# Supplied information
..........
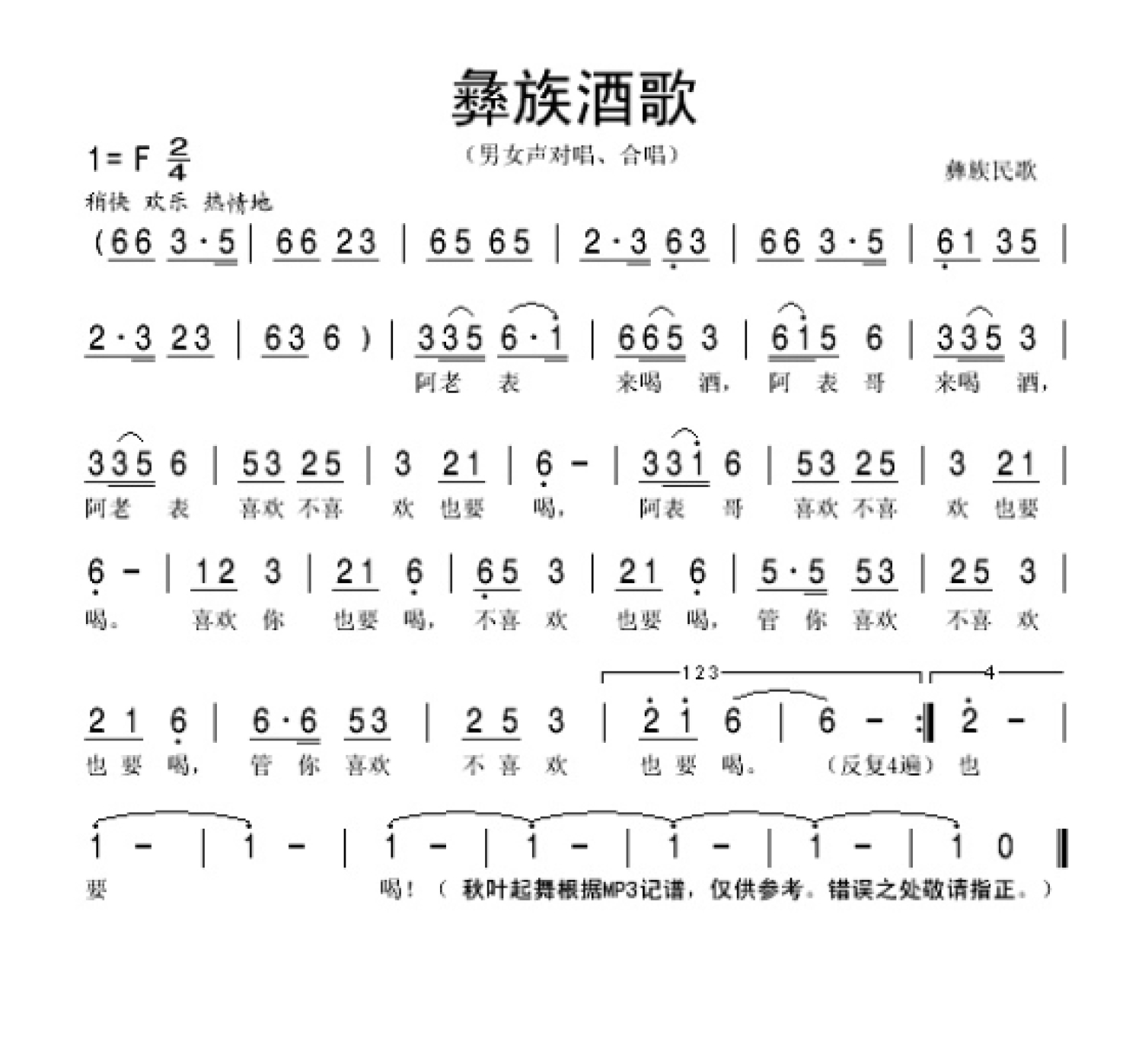 曲谱介绍: 彝族民歌《彝族酒歌》歌词_简谱
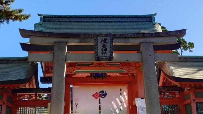 バスツアー最初の訪問地、住吉大社に来ました。 案内役の生徒たちの説明を聞きながら住吉大社を散策しました。
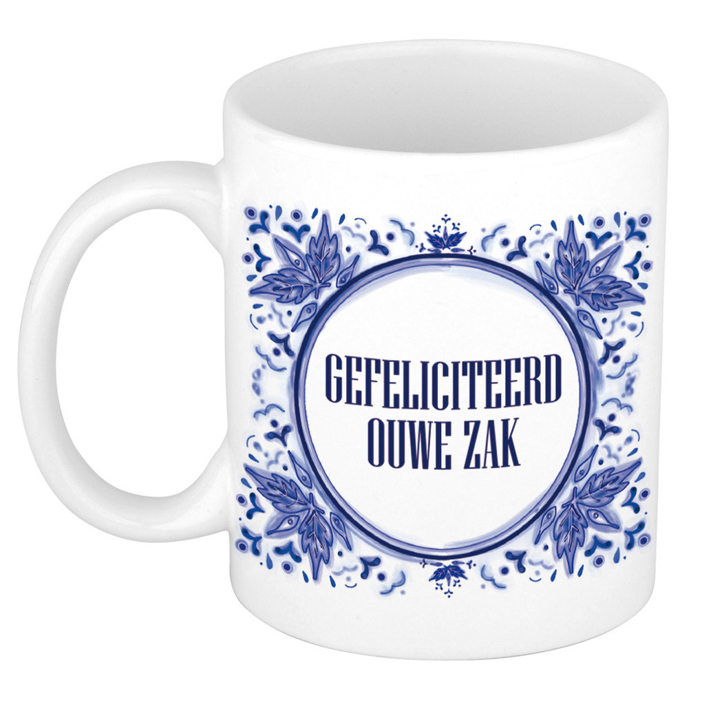 Bellatio Decorations Verjaardag cadeau mok – Delfts Blauw – gefeliciteerd – 300 ml – keramiek — Bellatio Decorations
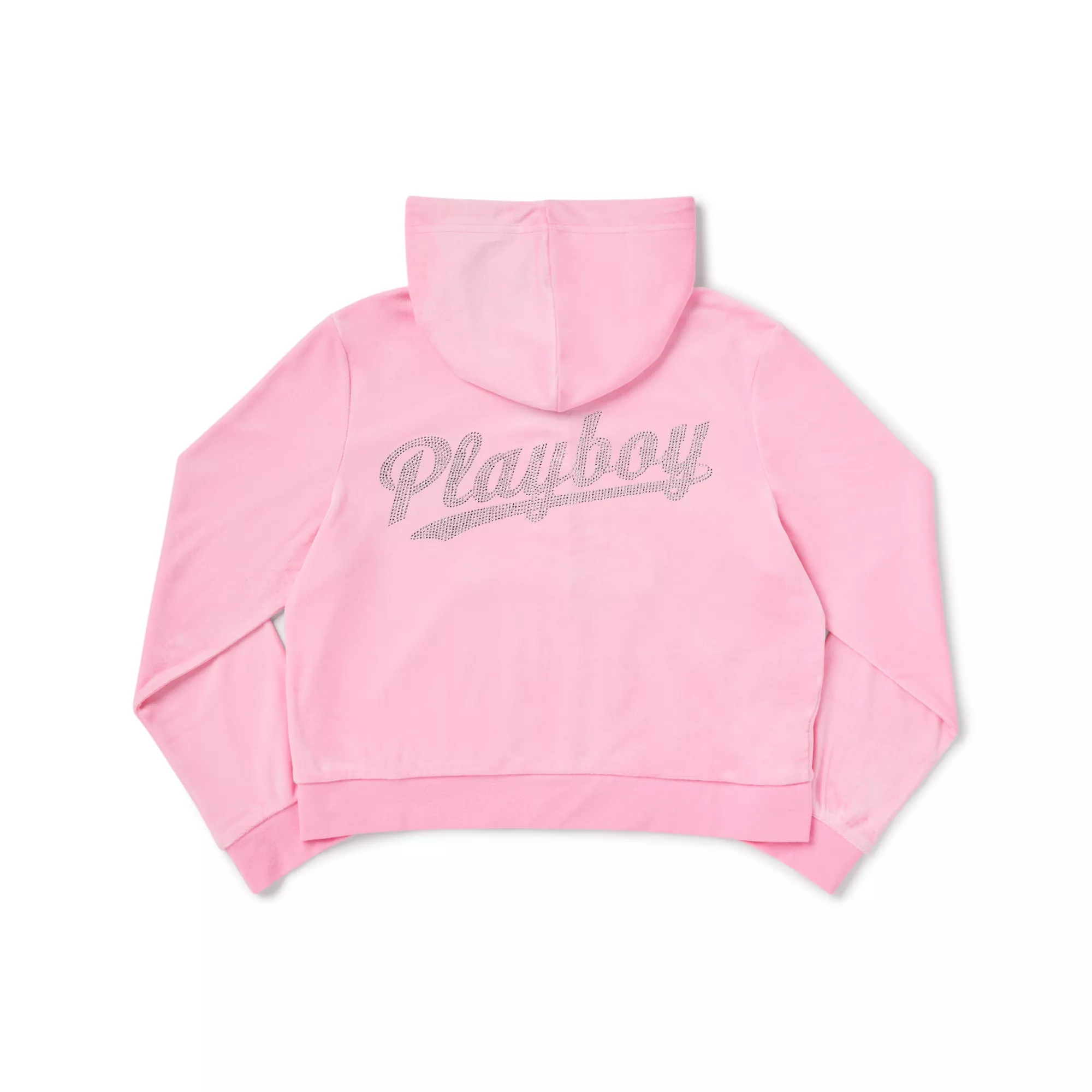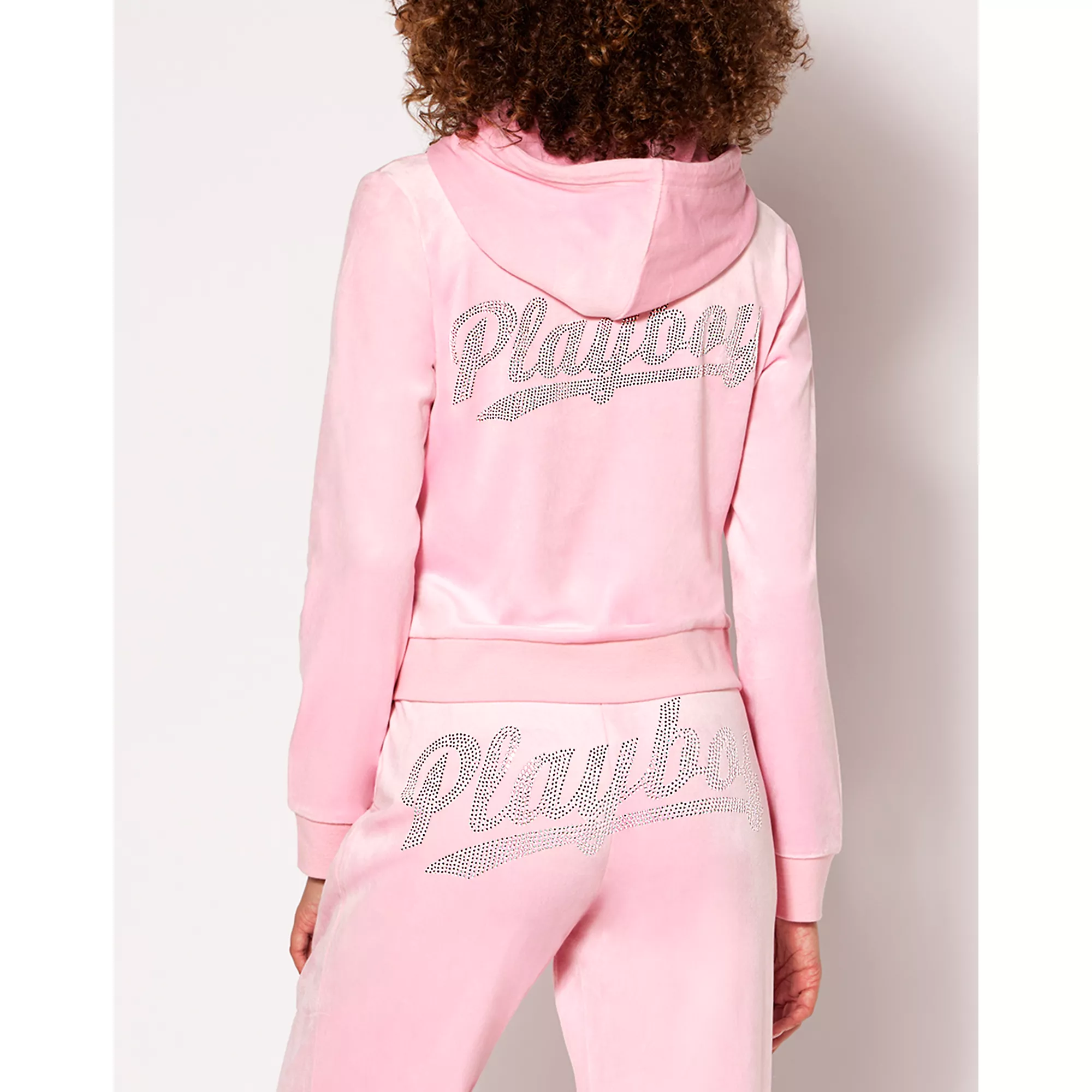 Live a life of playful luxury when you rock this officially licensed Pink Playboy Rhinestone Hooded Track Jacket. Featuring the brand's iconic name and bunny logo in rhinestone detailing, this soft and stylish top is absolutely stunning.
..........
# Problem
With every picture left out, print exactly the lines from the one containing "Bellatio Decorations Verjaardag" through the final line of the material above.

# Answer to this problem
 Bellatio Decorations Verjaardag cadeau mok – Delfts Blauw – gefeliciteerd – 300 ml – keramiek — Bellatio Decorations
 Live a life of playful luxury when you rock this officially licensed Pink Playboy Rhinestone Hooded Track Jacket. Featuring the brand's iconic name and bunny logo in rhinestone detailing, this soft and stylish top is absolutely stunning.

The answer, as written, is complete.